- **WORK TO COMPLETE**
Within the records below, how many lines hold the string "color"? State that number and nothing else.

- **Records excerpted from a collection**

- Opening Delimiter -

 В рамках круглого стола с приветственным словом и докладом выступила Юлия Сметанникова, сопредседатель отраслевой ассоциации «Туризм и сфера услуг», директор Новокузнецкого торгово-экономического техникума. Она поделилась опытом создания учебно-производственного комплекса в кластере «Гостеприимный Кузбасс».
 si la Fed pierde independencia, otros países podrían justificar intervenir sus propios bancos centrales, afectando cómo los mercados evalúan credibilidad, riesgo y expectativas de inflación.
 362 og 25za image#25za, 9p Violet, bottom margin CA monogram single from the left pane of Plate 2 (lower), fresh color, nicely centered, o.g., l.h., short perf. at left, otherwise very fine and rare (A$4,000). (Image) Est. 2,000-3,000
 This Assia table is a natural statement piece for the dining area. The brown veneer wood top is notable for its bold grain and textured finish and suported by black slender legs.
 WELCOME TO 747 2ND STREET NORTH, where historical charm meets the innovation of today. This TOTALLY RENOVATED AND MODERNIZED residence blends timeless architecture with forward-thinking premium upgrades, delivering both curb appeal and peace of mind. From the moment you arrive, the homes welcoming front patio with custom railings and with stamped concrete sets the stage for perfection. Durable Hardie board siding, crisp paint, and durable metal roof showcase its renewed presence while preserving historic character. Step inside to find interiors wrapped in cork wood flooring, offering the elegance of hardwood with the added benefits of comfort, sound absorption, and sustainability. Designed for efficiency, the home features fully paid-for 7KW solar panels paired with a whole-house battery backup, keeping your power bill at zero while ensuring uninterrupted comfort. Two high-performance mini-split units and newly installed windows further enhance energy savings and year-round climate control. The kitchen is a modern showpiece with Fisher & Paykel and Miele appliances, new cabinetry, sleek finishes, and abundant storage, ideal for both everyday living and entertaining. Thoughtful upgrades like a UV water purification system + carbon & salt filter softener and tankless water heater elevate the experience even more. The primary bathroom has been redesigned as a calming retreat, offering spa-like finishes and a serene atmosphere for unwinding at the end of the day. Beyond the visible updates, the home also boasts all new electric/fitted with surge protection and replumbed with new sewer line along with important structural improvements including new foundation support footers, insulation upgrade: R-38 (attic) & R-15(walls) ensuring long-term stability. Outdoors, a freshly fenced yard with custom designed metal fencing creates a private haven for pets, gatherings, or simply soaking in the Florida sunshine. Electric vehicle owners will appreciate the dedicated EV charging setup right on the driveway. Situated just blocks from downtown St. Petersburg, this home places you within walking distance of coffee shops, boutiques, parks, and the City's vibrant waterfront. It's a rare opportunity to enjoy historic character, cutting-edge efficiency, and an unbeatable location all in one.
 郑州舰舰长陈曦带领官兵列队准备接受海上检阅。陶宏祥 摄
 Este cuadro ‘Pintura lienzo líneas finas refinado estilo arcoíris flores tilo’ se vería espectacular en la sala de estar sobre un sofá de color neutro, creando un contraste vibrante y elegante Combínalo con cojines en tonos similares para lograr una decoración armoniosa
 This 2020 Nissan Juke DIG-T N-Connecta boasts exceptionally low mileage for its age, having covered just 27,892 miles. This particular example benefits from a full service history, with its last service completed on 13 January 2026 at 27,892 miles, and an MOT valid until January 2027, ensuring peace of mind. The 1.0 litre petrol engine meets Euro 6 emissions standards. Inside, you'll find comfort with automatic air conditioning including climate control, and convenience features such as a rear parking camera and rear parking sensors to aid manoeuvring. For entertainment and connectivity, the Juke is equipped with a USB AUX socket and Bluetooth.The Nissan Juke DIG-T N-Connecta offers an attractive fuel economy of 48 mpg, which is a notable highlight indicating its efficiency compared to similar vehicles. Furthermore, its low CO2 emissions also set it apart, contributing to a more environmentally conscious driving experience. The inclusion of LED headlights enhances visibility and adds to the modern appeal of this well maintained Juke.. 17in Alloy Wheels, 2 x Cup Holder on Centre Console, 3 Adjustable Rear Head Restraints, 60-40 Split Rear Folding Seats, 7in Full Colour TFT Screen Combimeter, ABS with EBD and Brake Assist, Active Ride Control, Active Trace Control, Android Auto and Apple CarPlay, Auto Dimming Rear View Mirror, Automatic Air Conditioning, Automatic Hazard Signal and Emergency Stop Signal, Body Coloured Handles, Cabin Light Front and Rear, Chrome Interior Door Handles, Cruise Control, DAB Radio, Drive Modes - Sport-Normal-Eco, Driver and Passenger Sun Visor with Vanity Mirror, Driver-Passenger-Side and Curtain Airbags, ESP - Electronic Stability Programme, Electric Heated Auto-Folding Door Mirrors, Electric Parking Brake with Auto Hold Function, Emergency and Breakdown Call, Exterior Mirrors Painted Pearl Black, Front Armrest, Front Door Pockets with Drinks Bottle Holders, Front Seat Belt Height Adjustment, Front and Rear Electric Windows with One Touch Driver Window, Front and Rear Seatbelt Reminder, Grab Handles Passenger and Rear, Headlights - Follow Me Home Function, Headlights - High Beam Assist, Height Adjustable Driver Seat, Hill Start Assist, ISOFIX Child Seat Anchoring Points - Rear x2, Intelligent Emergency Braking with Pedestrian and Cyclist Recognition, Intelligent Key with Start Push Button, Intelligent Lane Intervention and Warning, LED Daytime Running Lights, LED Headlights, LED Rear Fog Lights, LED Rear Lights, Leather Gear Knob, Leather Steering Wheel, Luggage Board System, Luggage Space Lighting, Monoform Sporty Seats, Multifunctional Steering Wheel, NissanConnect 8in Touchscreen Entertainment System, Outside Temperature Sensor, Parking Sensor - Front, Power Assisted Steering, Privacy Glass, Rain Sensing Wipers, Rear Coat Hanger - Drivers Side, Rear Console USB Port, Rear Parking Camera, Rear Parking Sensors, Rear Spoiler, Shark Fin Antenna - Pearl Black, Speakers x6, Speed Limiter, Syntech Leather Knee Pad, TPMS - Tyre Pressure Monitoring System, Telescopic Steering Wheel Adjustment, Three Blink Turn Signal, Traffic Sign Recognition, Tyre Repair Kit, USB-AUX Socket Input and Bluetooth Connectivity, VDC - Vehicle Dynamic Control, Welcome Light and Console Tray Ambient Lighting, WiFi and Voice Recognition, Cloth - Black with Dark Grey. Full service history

- Closing Delimiter -

- **RESPONSE BOX**
2